Segment Start: ENTRIES SUPPLIED

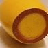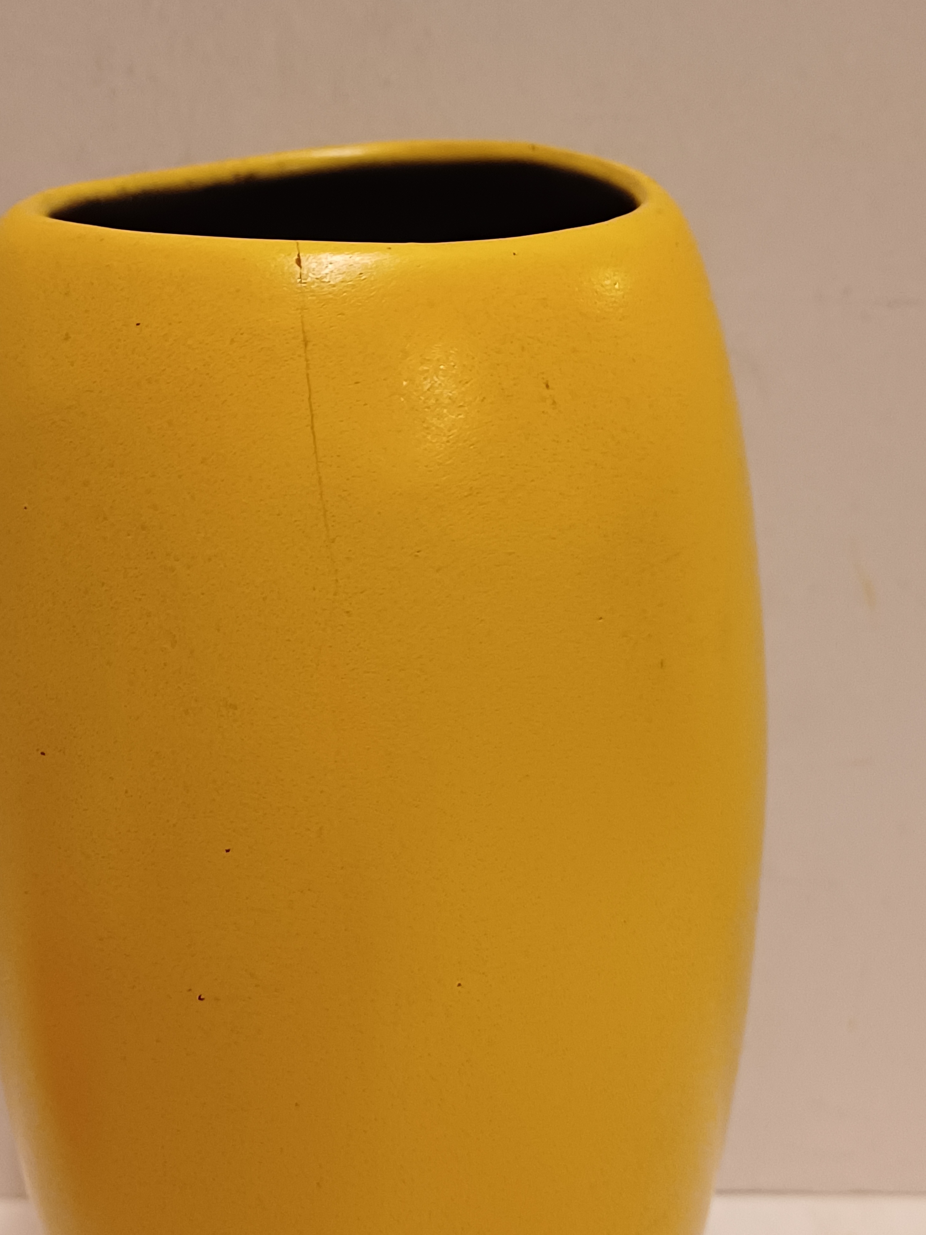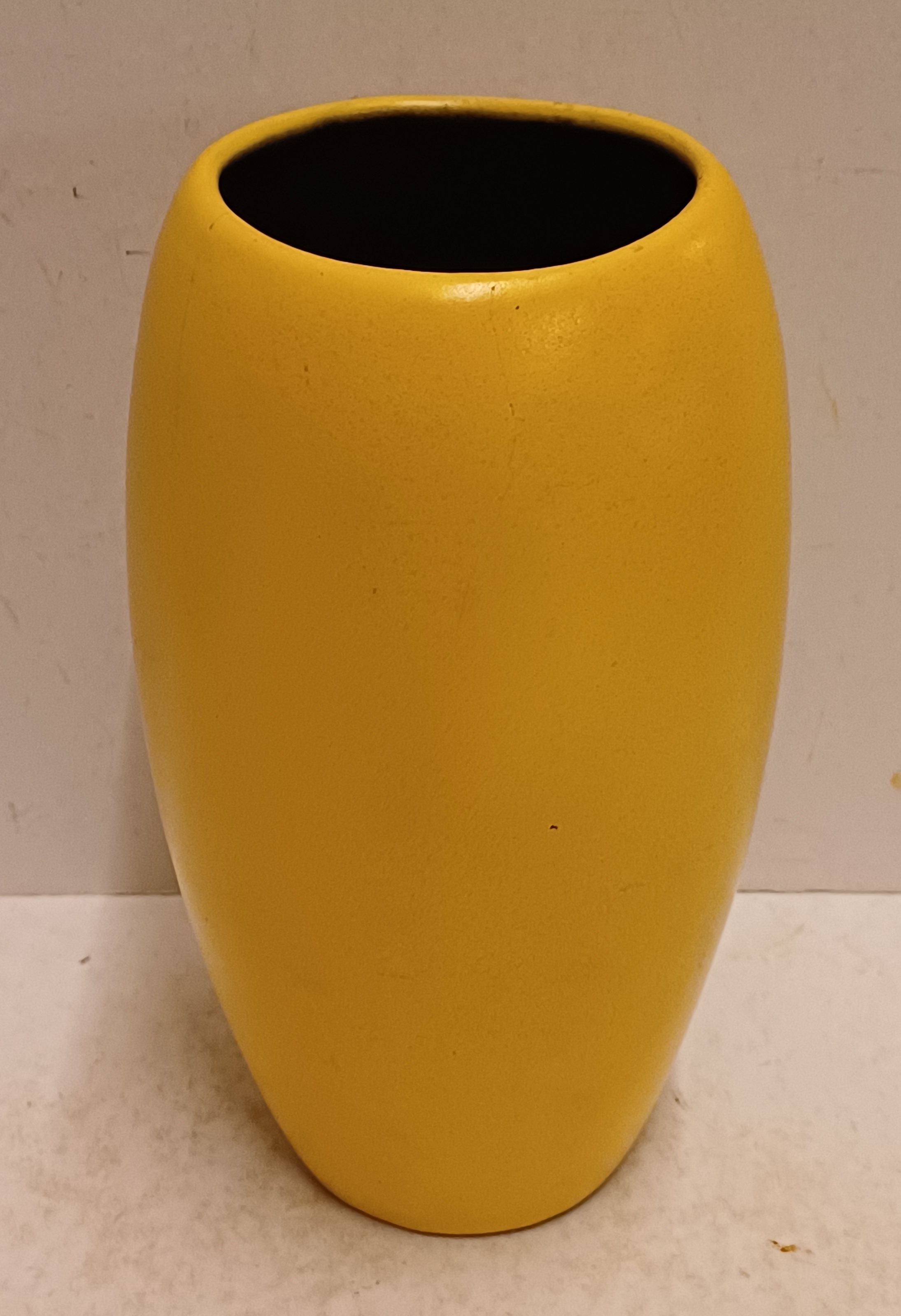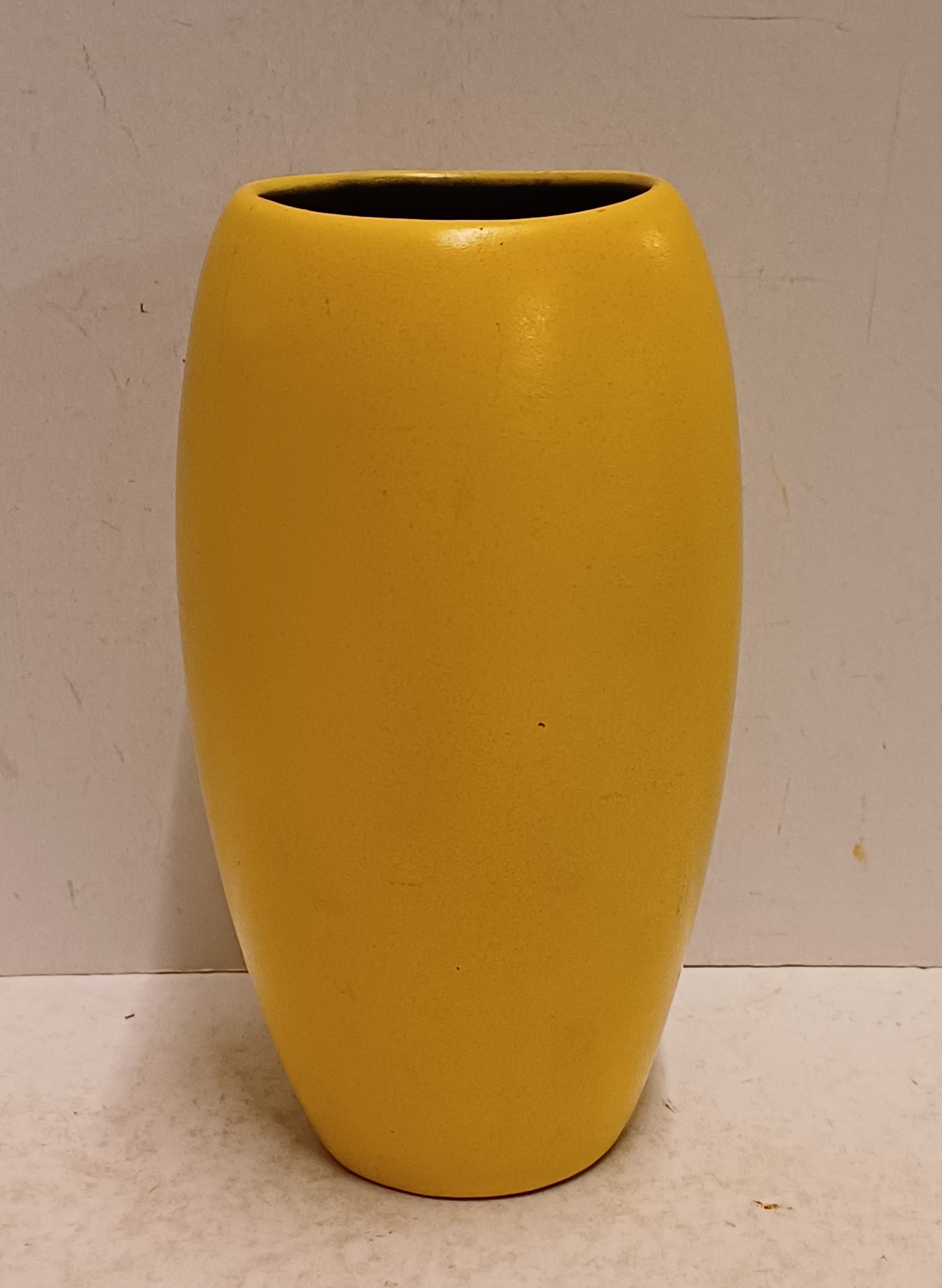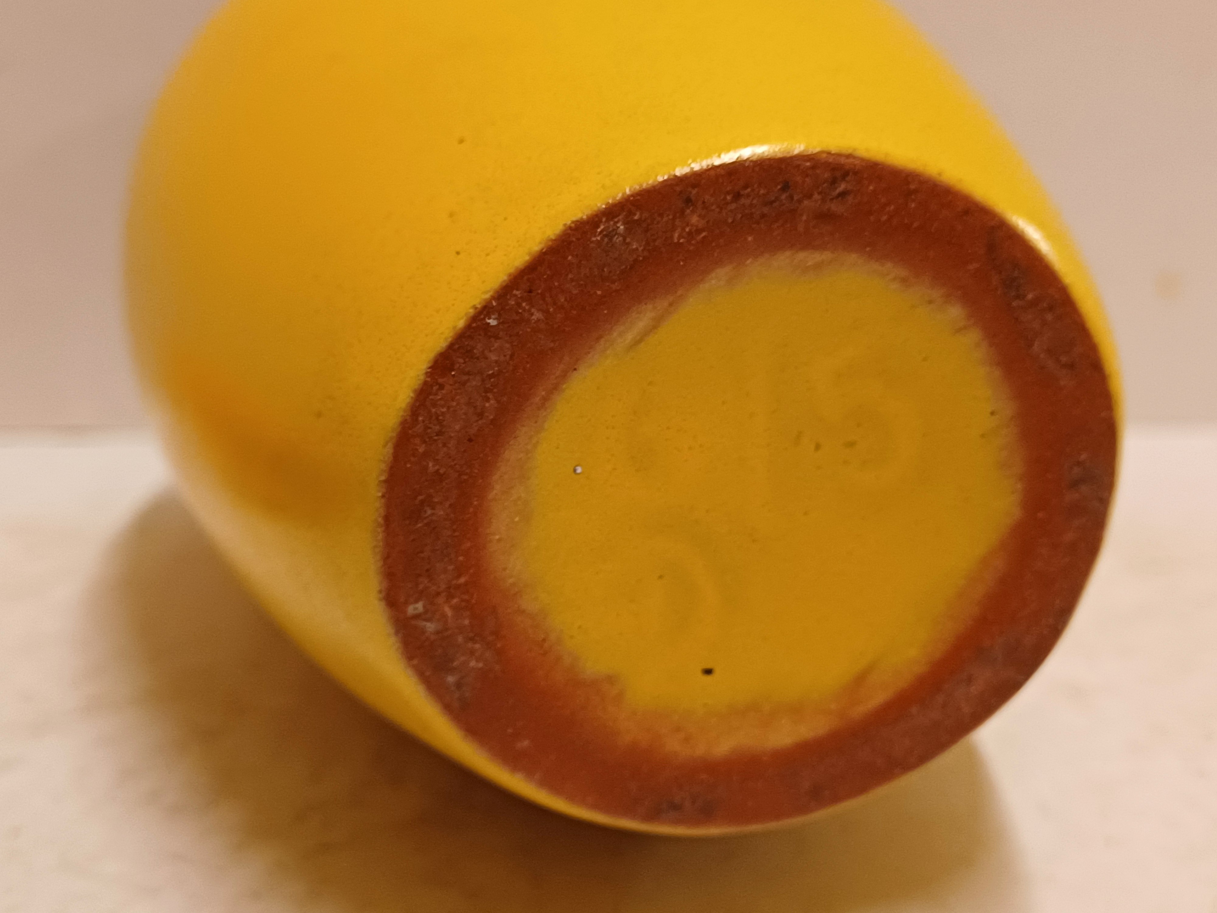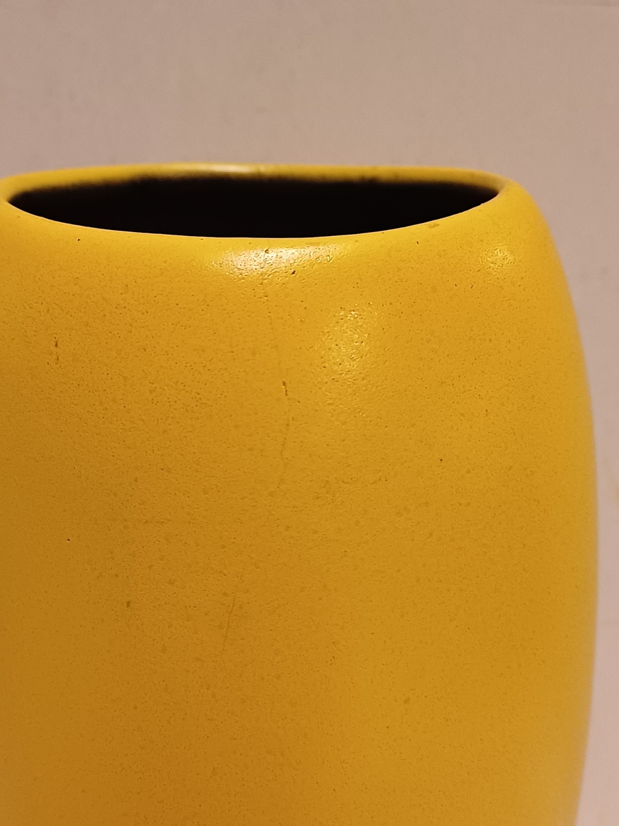 Gegoten aardwerken vaas met gele glazuur en zwarte binnenzijde. Onderzijde met fabrieksmerk.
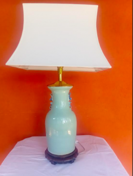Chinoiserie Vintage Celadon 1970s – Par Raro com Bases de Rosewood e Cúpulas Sob Medida
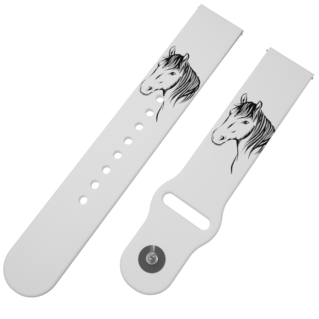 Potištěný univerzální řemínek naší vlastní výroby ve velikosti 20 mm s designem "KŮŇ"pro obvod zápěstí 15 - 23 cm.Bílý náhradní řemínek pro chytré hodinky se siluetou hlavy koně.To pravé pro koňáky i milovníky koní.Vlastní výroba i potisk Jsme jediní nejen v Čechách, ale i v Evropě, kdo vyrábí...
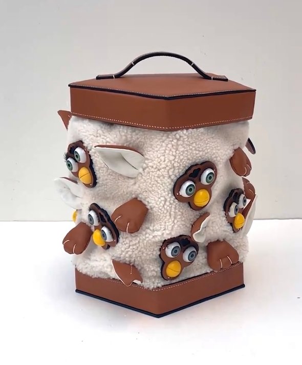 «Сумка изготовлена из гладкой бычьей кожи и белой овчины, с контрастной белой строчкой и черными краями. Для создания также использовались старые игрушки Furby», — пишет автор поста. Кроме того, из бывших говорящих игрушек не извлекли механизмы, поэтому они продолжают издавать звуки и шевелиться.
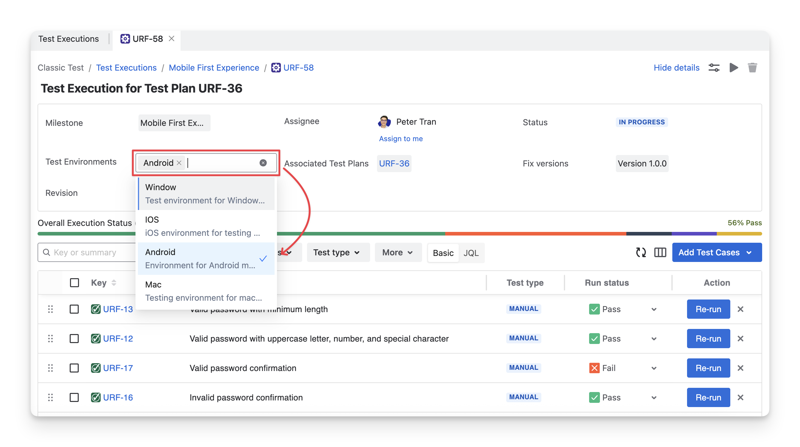 Select test cases you want to add to the current test execution. You can search for test cases by name, filter with fields, or use JQL.
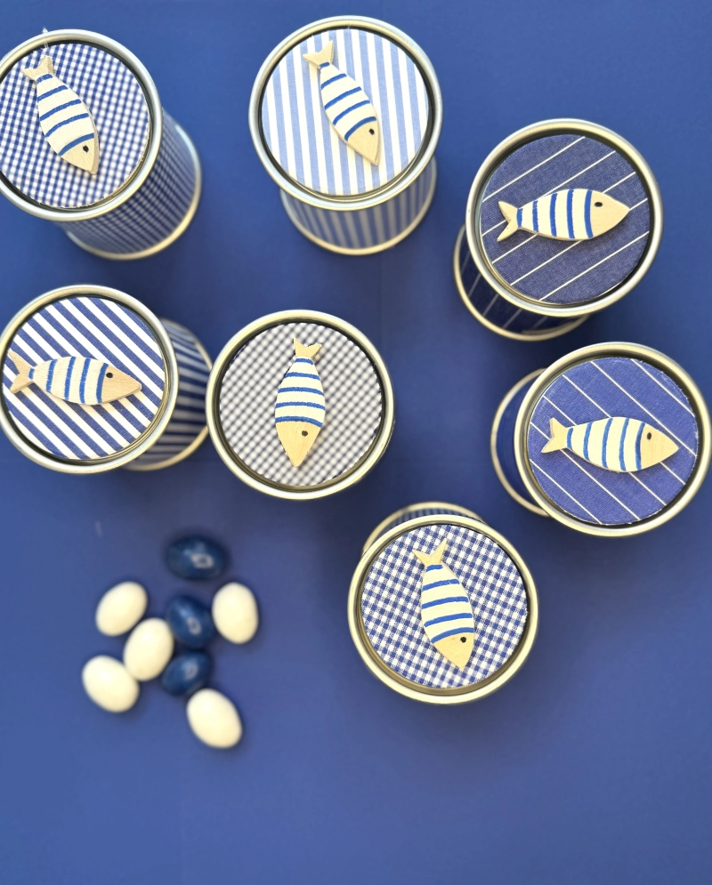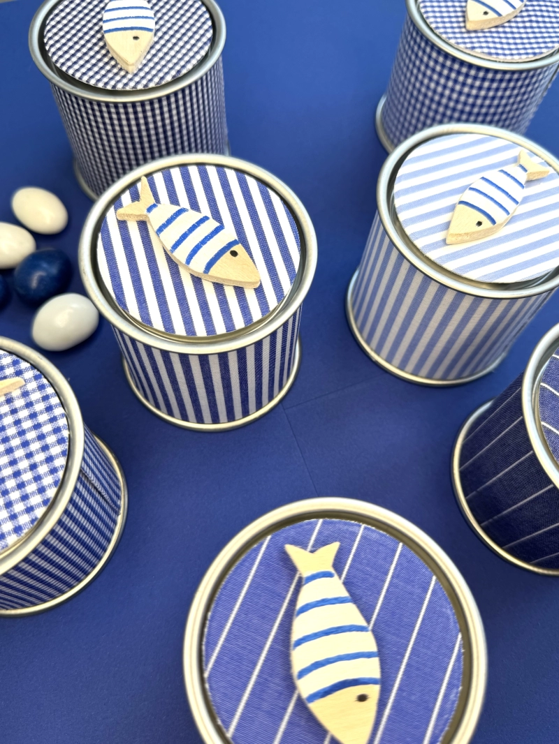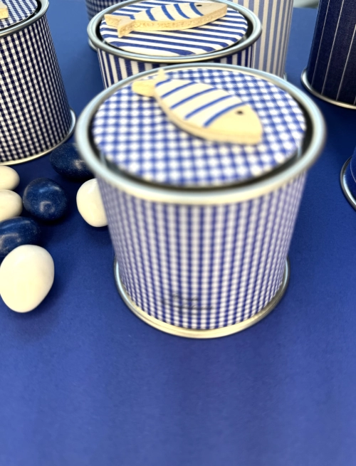 Βαζάκια καλυμμένα από βαμβάκι με καθαρό μπλε μοτίβο μείγμα με ξύλινη διακόσμηση ψαριού, που περιέχει 100 g κουφέτα αμύγδαλου και σοκολάτας αρωματισμένα με γεύσεις φρούτων και κρέμες χωρίς γλουτένη. Αυτά τα κομψά βαζάκια είναι ιδανικά ως μπομπονιέρες για ειδικές εκδηλώσεις όπως βαπτίσεις, επιβεβαιώσεις και γάμους. Χαρίστε μια γλυκιά και εκλεπτυσμένη στιγμή στους καλεσμένους σας με αυτά τα υψηλής ποιότητας κομφετί με ακαταμάχητη γεύση. Έκπληξη και απόλαυση με τα βαζάκια Conti Confeteria!

Segment End: ENTRIES SUPPLIED

> [TASK INSTRUCTIONS]
Transcribe all entries above exactly. Omit the pictures.

> [OUTPUT FOR THIS TASK]
 Gegoten aardwerken vaas met gele glazuur en zwarte binnenzijde. Onderzijde met fabrieksmerk.
Chinoiserie Vintage Celadon 1970s – Par Raro com Bases de Rosewood e Cúpulas Sob Medida
 Potištěný univerzální řemínek naší vlastní výroby ve velikosti 20 mm s designem "KŮŇ"pro obvod zápěstí 15 - 23 cm.Bílý náhradní řemínek pro chytré hodinky se siluetou hlavy koně.To pravé pro koňáky i milovníky koní.Vlastní výroba i potisk Jsme jediní nejen v Čechách, ale i v Evropě, kdo vyrábí...
 «Сумка изготовлена из гладкой бычьей кожи и белой овчины, с контрастной белой строчкой и черными краями. Для создания также использовались старые игрушки Furby», — пишет автор поста. Кроме того, из бывших говорящих игрушек не извлекли механизмы, поэтому они продолжают издавать звуки и шевелиться.
 Select test cases you want to add to the current test execution. You can search for test cases by name, filter with fields, or use JQL.
 Βαζάκια καλυμμένα από βαμβάκι με καθαρό μπλε μοτίβο μείγμα με ξύλινη διακόσμηση ψαριού, που περιέχει 100 g κουφέτα αμύγδαλου και σοκολάτας αρωματισμένα με γεύσεις φρούτων και κρέμες χωρίς γλουτένη. Αυτά τα κομψά βαζάκια είναι ιδανικά ως μπομπονιέρες για ειδικές εκδηλώσεις όπως βαπτίσεις, επιβεβαιώσεις και γάμους. Χαρίστε μια γλυκιά και εκλεπτυσμένη στιγμή στους καλεσμένους σας με αυτά τα υψηλής ποιότητας κομφετί με ακαταμάχητη γεύση. Έκπληξη και απόλαυση με τα βαζάκια Conti Confeteria!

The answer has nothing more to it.